**Material provided:**
• • •

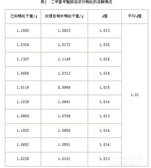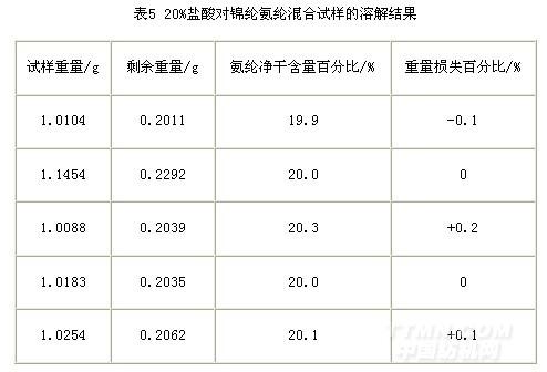 從表5來看,在不考慮20%鹽酸對(duì)氨綸的影響時(shí),按d值取1.00進(jìn)行計(jì)算,結(jié)果氨綸重量損失百分率在-0.1%~+0.2%之間。這說明20%鹽酸溶解錦綸時(shí)對(duì)氨綸基本沒有影響。
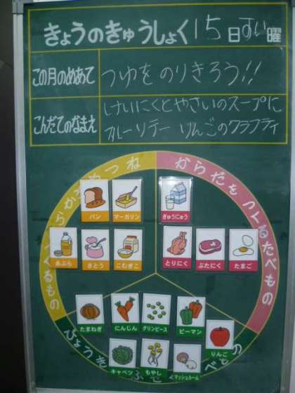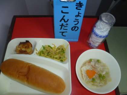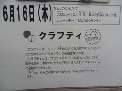 今日の献立は、鶏肉と野菜のスープ煮、カレーソテー、りんごのクラフティ、大型コッペパン、牛乳です。今日のりんごのクラフティは、給食調理員さんが焼き物機を使って一つ一つ焼いてくださったものです。約300人分もの給食を2人で作ってくださっています。暑いところ、本当にありがとうございます。
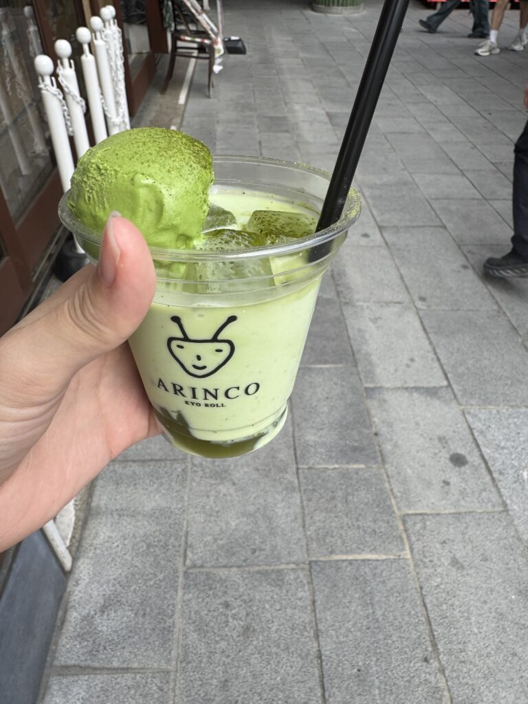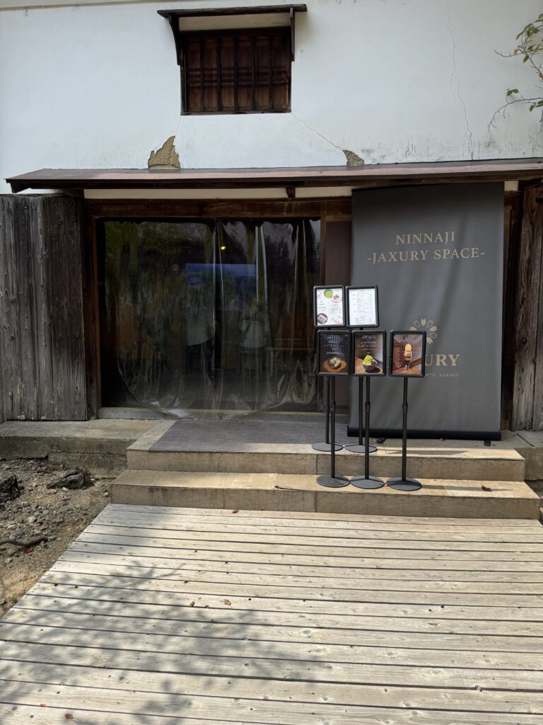 次の仁和寺で案内してくれた和尚さんが松葉杖🩼で痛々しい中でもちゃんと説明していてボケもあって短かったけどお話しを聞けて良かった。仁和寺にオシャレなカフェがあって涼みながらアイスを食べる間少し涼めて休憩出来た。

• • •

**Work instruction:**
The whole listing is to be retyped exactly, with its pictures removed.

**Solution:**
 從表5來看,在不考慮20%鹽酸對(duì)氨綸的影響時(shí),按d值取1.00進(jìn)行計(jì)算,結(jié)果氨綸重量損失百分率在-0.1%~+0.2%之間。這說明20%鹽酸溶解錦綸時(shí)對(duì)氨綸基本沒有影響。
 今日の献立は、鶏肉と野菜のスープ煮、カレーソテー、りんごのクラフティ、大型コッペパン、牛乳です。今日のりんごのクラフティは、給食調理員さんが焼き物機を使って一つ一つ焼いてくださったものです。約300人分もの給食を2人で作ってくださっています。暑いところ、本当にありがとうございます。
 次の仁和寺で案内してくれた和尚さんが松葉杖🩼で痛々しい中でもちゃんと説明していてボケもあって短かったけどお話しを聞けて良かった。仁和寺にオシャレなカフェがあって涼みながらアイスを食べる間少し涼めて休憩出来た。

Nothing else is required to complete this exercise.